How to choose data tools and infrastructure that are flexible, scalable, sustainable and secure.

This guidance will help you choose the software and standards for working with data. Read this together with the Data Ethics Framework and the Technology Code of Practice.

There are 4 main areas to consider:

Choose analytical tools that keep pace with user needs.
Use the cloud for the whole development cycle.
Use appropriate security when using data in the cloud.
Choose open data standards for better interoperability.

1. Choose analytical tools that keep pace with user needs

As data analysis and data science evolves, you should choose tools and techniques that can adapt and support best practices. The UK Statistics Authority’s Code of Practice for Statistics provides information on best practices including:

keeping up to date with innovations that can improve statistics and data
improving data presentation for their users
testing and releasing new official statistics

Government workers responsible for providing or procuring software for data analysis should choose a loosely coupled modular system. These systems are flexible enough to use with a variety of tools and connect to a range of data sources and architecture.

You should build data architecture in an agile way, to iterate and add value with each change. If you make up-front long-term decisions on one type of software you risk being unable to meet evolving user needs.

Choosing open source languages

Data scientists and analysts often use common open source languages such as Python and R. The benefits of using these languages include:

good support and open training – which means reduced training costs
new data analytics methods
the ability to create your own methods using open source languages

The R and Python communities develop large collections of packages for data analysis. The packages for R and the packages for Python, including many data science packages, provide extensive analytical functionality benefits.

Choosing tools that work with open technology

Choosing tools which work with open technology supports robust and appropriate data analysis, as set out in Principle 5 of the Data Ethics Framework.

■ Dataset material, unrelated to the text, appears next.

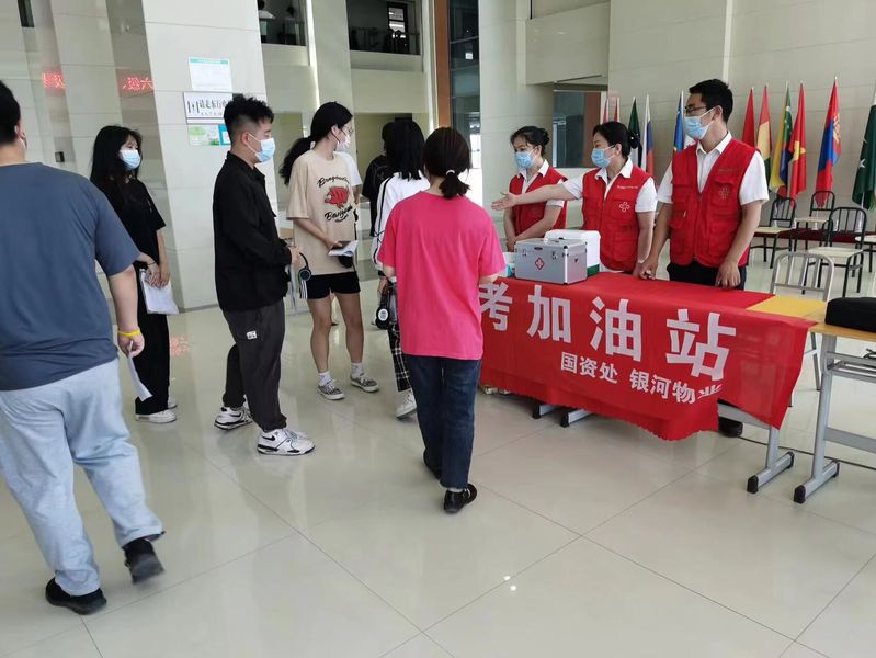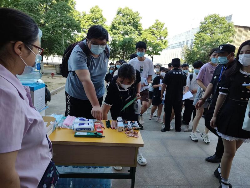 考虑到考生的需求,还专门设立了“助考加油站”,为广大考生提供便民爱心服务,精心准备了2B铅笔、2B橡皮、纸巾、瓶装矿泉水、直饮水、应急口罩、应急药箱等应急物资,以备学生不时之需,用细心周到的服务为考生助力加油。
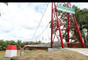 Bersama Danrem,Bupati Tarmizi Resmikan Jembatan Gantung Penghubung Gampong Tungkop Di Sungai Mas

Tools which work with open technology, such as Docker or Apache Spark, give your team the flexibility to meet your users’ needs. Open tools are usually designed to work together and across vendors. Benefits include the ability to:

script a data pipeline using the best software for each task
run your code anywhere – using commodity container platforms, platform as a service or a Hadoop cluster

Other benefits include better:

collaboration
support software for engineering practices
capabilities in big data and machine learning

You can achieve better quality assurance in your software development with continuous integration and unit tests. The Reproducible Analytical Pipeline community has guidance about doing quality assurance in analytical pipelines.

If you use spreadsheets and business intelligence software you should be aware they:

do not often scale well to large datasets or intensive computation
do not often integrate well into automated pipelines, or support best practices in quality assurance
often need paid-for licences, making them expensive to deploy in the cloud

Case study – using data science with the Ministry of Justice analytical platform

The Ministry of Justice Analytical Platform supports the latest data analysis tools. This platform allows easy integration of new open source software and leading cloud services into a platform for 300 staff in the data analysis professions.

The platform is a flexible and secure environment, where:

analysts use a web browser to sign-in once and then develop code in tools such as R and Python
you can access data and create live charts and dashboards that are accessible to end users in a web browser with no special software or licences
it runs software using standardised containers on an auto-scaled Kubernetes cluster which allows the platform to run any of the latest open source tools, data stores and custom-built data analysis components
you can add innovative services such as a new graph database or machine learning framework
you can process datasets of almost unlimited size at low cost

The platform has helped the Ministry of Justice produce several national statistics more reliably and efficiently by using reproducible automated pipelines.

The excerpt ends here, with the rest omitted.